You want to feel your heels come up as you come into the catch so that when you start the drive you can push them down and against the stretcher – hence why rowing is more of a “pushing” sport than a “pulling” one. This is also why coxswains tell you to “stomp”, “feel the connection”, “connect and press with the toes”, etc. The only time you should have your whole foot against the stretcher is when you finish the leg drive (when the slide stops) and start the recovery (before the slide starts).

Ergs Q&A Technique

Question of the Day

Question about the foot plates on the ergs – what number do you find it’s best to keep them on? Is there a standard it’s “supposed to” be at or is it best for each girl to change them for herself? What do those numbers even mean?

Where your feet are placed on the erg make a huge difference in your technique and power output. When I explain this to novices, I tell them to think about what their feet look like when they go up on their toes or for girls, what it feels like when you’re wearing heels.

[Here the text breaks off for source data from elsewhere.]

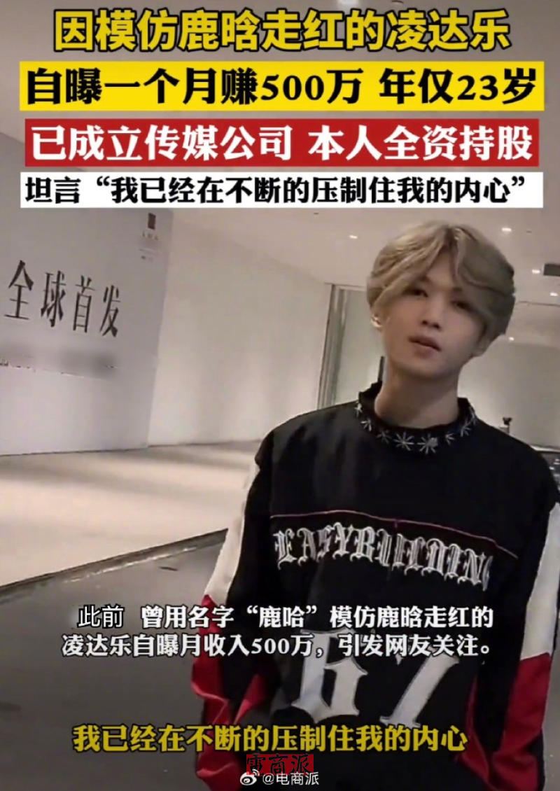 此前,网红“鹿哈”靠模仿鹿晗走红时,曾自曝一个月能赚500万,之后还成立了自己全资持股的传媒公司。
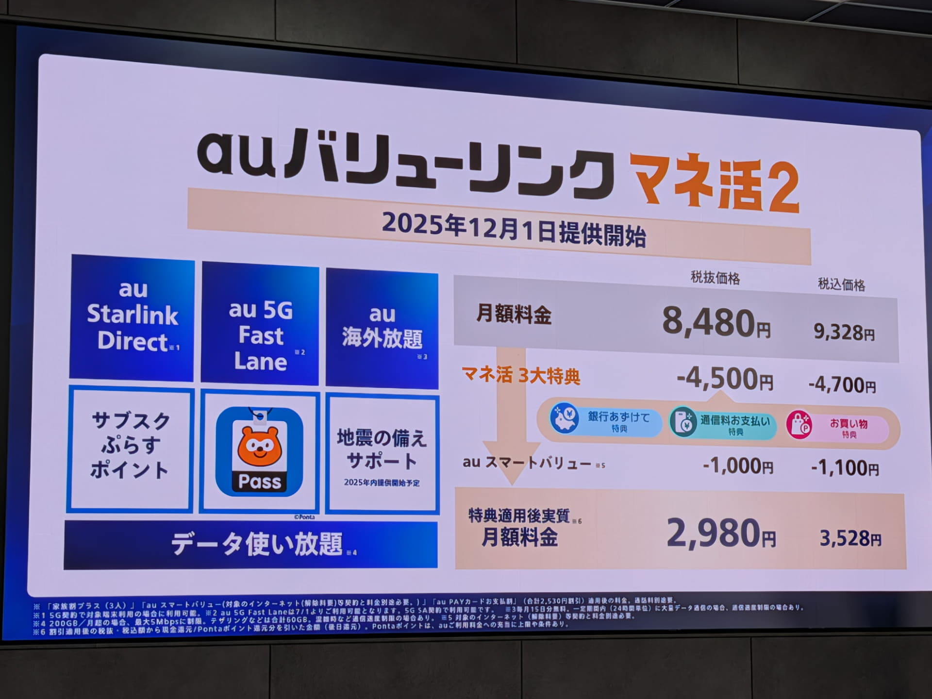 • auが新料金プラン「マネ活2」発表、auの銀行・クレカ利用で最大4700円相当を還元
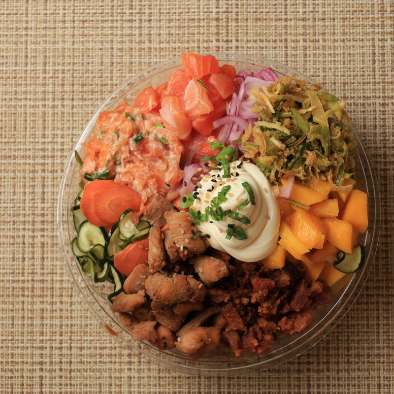 Receita autoral com a assinatura do Chef Rafael. Arroz Japonês (150g) - Salmão em cubos (50g) - Frango teriyaki (50g) - Patê de salmão (50g) - Crisp de bacon (25g) - Cream Cheese (25g) - Sunomono (50g) - Manga (25g) - Cebola Roxa (25g) - Crisp de alho poró (25g) - Cebolinha a Gosto - Gergelim Torrado a Gosto Uma verdadeira obra-prima em forma de poke. Aproximadamente 500g
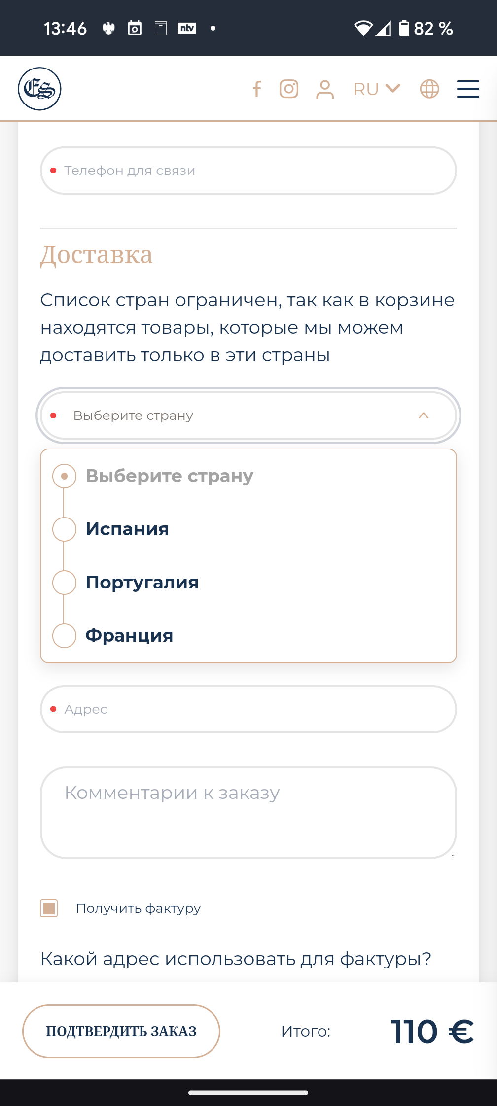 Остальные европейские страны — Скидка 50 € на доставку для заказов на сумму равную или превышающую 300 €.

Where your foot bends below your toes (on the balls of your feet), that’s where you want the strap to be. This allows for the most natural movement as you come up to the catch. If the strap is above that (over your toes), it’s not helping you out at all and can actually lead to you over-compressing (meaning your knees are in front of your ankles, which is an entirely separate issue). Over-compressing means that your legs won’t activate immediately at the catch and you’ll end up becoming fatigued faster due working harder than you have to.  You always want your toes to be in contact with the foot stretchers, and having the strap too high (meaning the number is set too low) prevents that.

On the flip side, having the number too high will put the strap down over the center of your foot (closer to your ankle), which is extremely uncomfortable. I don’t even know how people can row like that and not assume it’s wrong. This prevents your heels from coming up as you move on the recovery (at the very least it doesn’t let them come up enough) and doesn’t allow you to get fully compressed at the catch, which means your stroke is short and you’re not generating as much power as you otherwise would. It can also lead to a lot of lunging, because if you can’t get all the way up the slide you might compensate by trying to reach farther than you normally would to increase the amount of length you’re getting.

The shorter you are, the higher the number will be. The taller you are, the lower the number. I’ve seen some guys who row with it on 1 or 0 with no problems. It’s both a personal preference and … not. The strap has to be on a certain part of your foot in order for your stroke to be correct but the number that the stretchers are at is different for everyone. There is no “standard” so each rower should set their feet themselves just like they would in the boat.

I’ve never really looked into it so I’m not positive what the numbers mean but it might be how many inches of shoe is left over once you’ve adjusted it … but that’s a total guess that could be completely wrong.